Review the rule for hand-in homework that says, in boldface, “leav[e] enough space for me
to write comments.” Look at the homework returned to you on Wednesday, and ask yourself
whether you followed this rule. Did you leave ample margins on the left side and right side and
top and bottom of each page? Did you leave a reasonable amount of space between problems?
If I had had a sentence-long, or several-sentence long, comment to make anywhere in your work,
could I have fit it in close to what I was commenting on?
Although the class was very good about following the other rules, roughly half the class didn’t
follow the leave-me-space-for-comments rule. This particular assignment was mostly computational
and comparatively easy, so in most cases I had very few comments, and so it didn’t matter too
much–on this assignment–whether you left me space for comments. But in the future, please
make sure to leave me the comment-space I’ve instructed you to leave.
If I had any comments on, or took any points off, your solution to Sect. 1.2/3e, you should review
Definition 1.2 on p. 4, and the paragraph that starts with “Thus the value …” just after the definition.
Make sure you understand the difference between the coordinates of a given point (the numbers
p1, p2, p3 in the context of this definition) and the coordinate functions x1, x2 and x3 (or x, y, and z)
from R3 to R. Otherwise, much greater confusion could result later in the course. |
| M 2/3/14 |
No new homework. |
| W 2/5/14 |
Do the problem assigned in class: For the helix discussed in class, compute a and b in terms of
κ and τ, and rewrite the formula for α(t) and β(s) using κ and τ in place of a and b.
|
| F 2/7/14 |
Sect. 2.1 (p. 52)/ 12
Sect. 2.3 (pp. 66–69)/ 2, 3, 5, 10. Note: In any problem in which the binormal B and/or the torsion τ appear, the assumption “wherever κ > 0 ” is implicit.

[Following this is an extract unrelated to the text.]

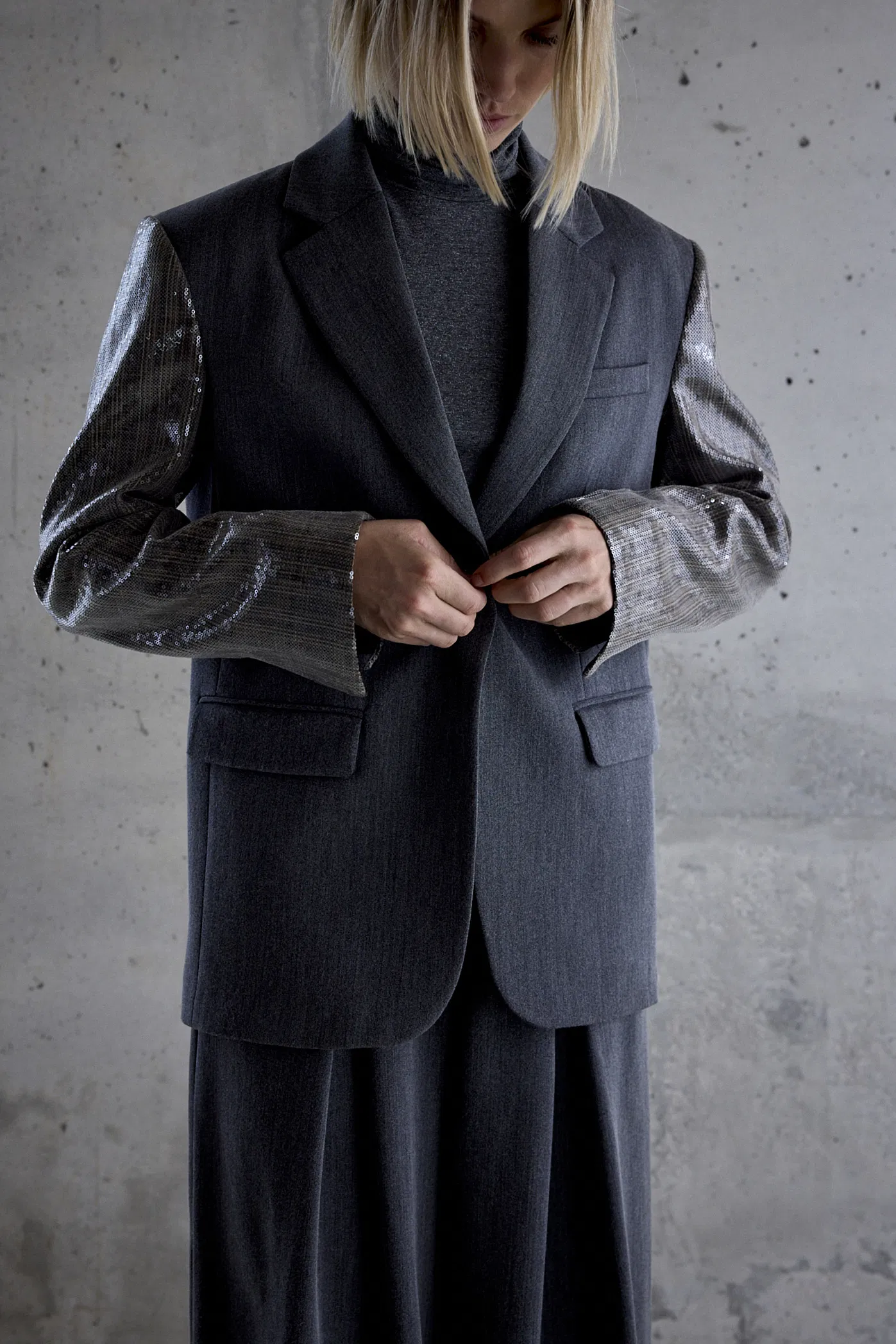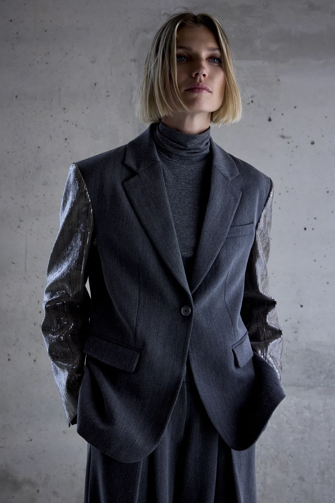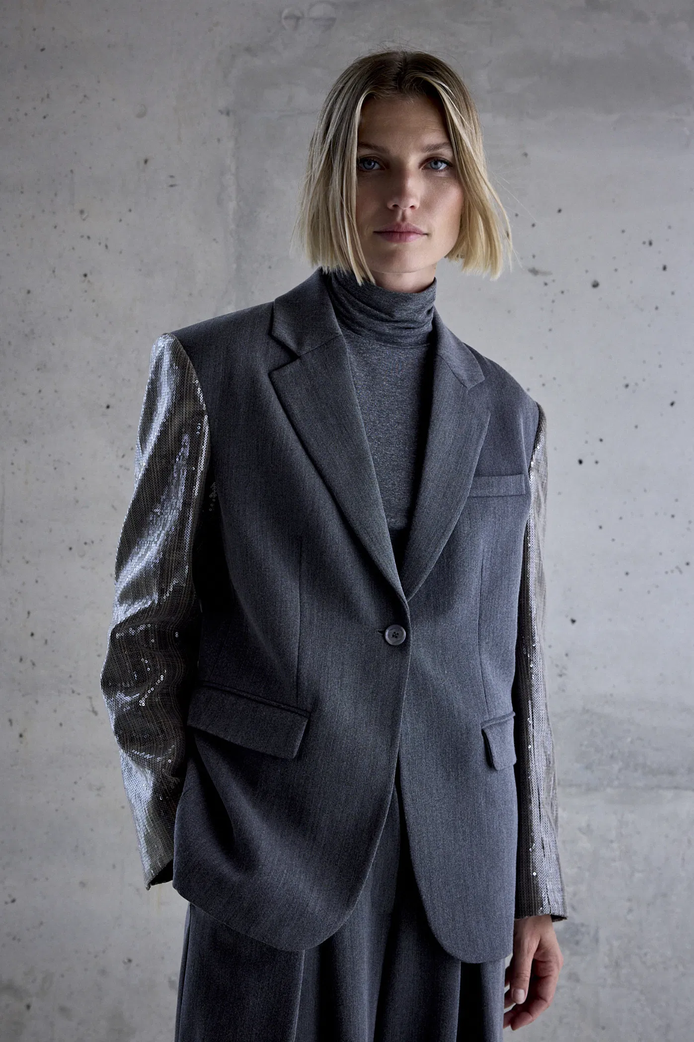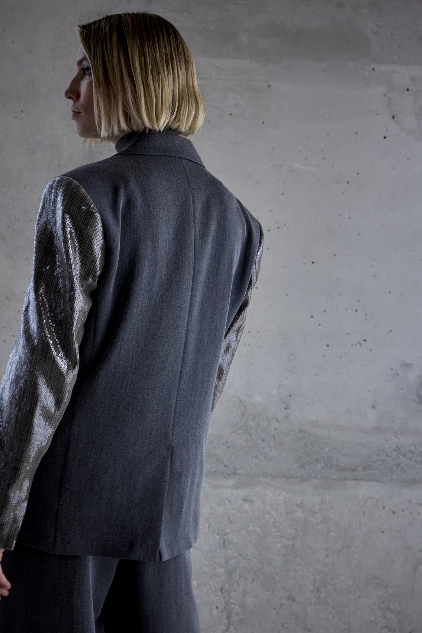 Omschrijving: Een boyfriend blazer met pailletten op de mouwen, wat deze blazer een bijzondere uitstraling geeft.

Geometric interpretation of #5. For every v ∈ R3, the map Rv: R3 → R3 defined by Rv(w) = v × w
is linear. If v = 0 then Rv maps every vector w to 0, of course. If v ≠ 0, then every vector w can be expressed uniquely in the form cv + w⊥, where c ∈ R and w⊥ is perpendicular to v. Since
Rv(v)= v × v = 0, the “interesting part” of Rv is what it does to vectors orthogonal to v. The set of these vectors is a two-dimensional subspace of R3, the orthogonal complement V⊥ of the 1-dimensional subspace {all multiples of v}. For every w∈ V⊥, Rv rotates w by π/2 within the plane V⊥, and multiplies the length
by ||v||. The sense of the rotation is counterclockwise as seen from the tip of v; i.e. for every nonzero
w ∈ V⊥, the ordered triple {w, Rv(w), v} is a right-handed triple of mutually orthogonal vectors. For reasons a little beyond the scope of this course, the linear map Rv is called an infinitesimal rotation.
For p∈R3 and vp∈TpR3, we can analogously define the linear map Rvp: TpR3 → TpR3 by
Rvp(wp) = (v × w)p. The set of equations in problem 5 says that for all s in the domain of β at which the
Frenet frame {T(s), N(s), B(s)} is defined (those s for which κ(s) > 0), the derivative of each element of the
Frenet frame is given by applying the infinitesimal rotation RA(s) to that element.
|
| M 2/10/14 |
Sect. 2.1 (p. 52)/ 12
Sect. 2.3 (pp. 66–69)/ 1, 6, 8, 9. In #8, “rotating through +90o” means “rotating counterclockwise through 90o“.
|
| W 2/12/14 |
- (a) Let f : R→R, and define α : R→R3 by
α(t) = (f(t) cos(t), f(t) sin(t), f(t)).
If f is monotone (increasing or decreasing), the Curve parametrized by α can reasonably be called a
“conical helix”. Figure out why.
For the rest of this problem, f and α are as above.
(b) For such a curve α, write down (in terms of f ) the integral that gives the arclength
function s of α that is based at t=0 and is consistent with the orientation of α.
(c) Show that α is regular provided there is no a∈R for which f(a) = f’ (a) = 0.
(d) For the case f(t) = et, sketch the Curve parametrized by α.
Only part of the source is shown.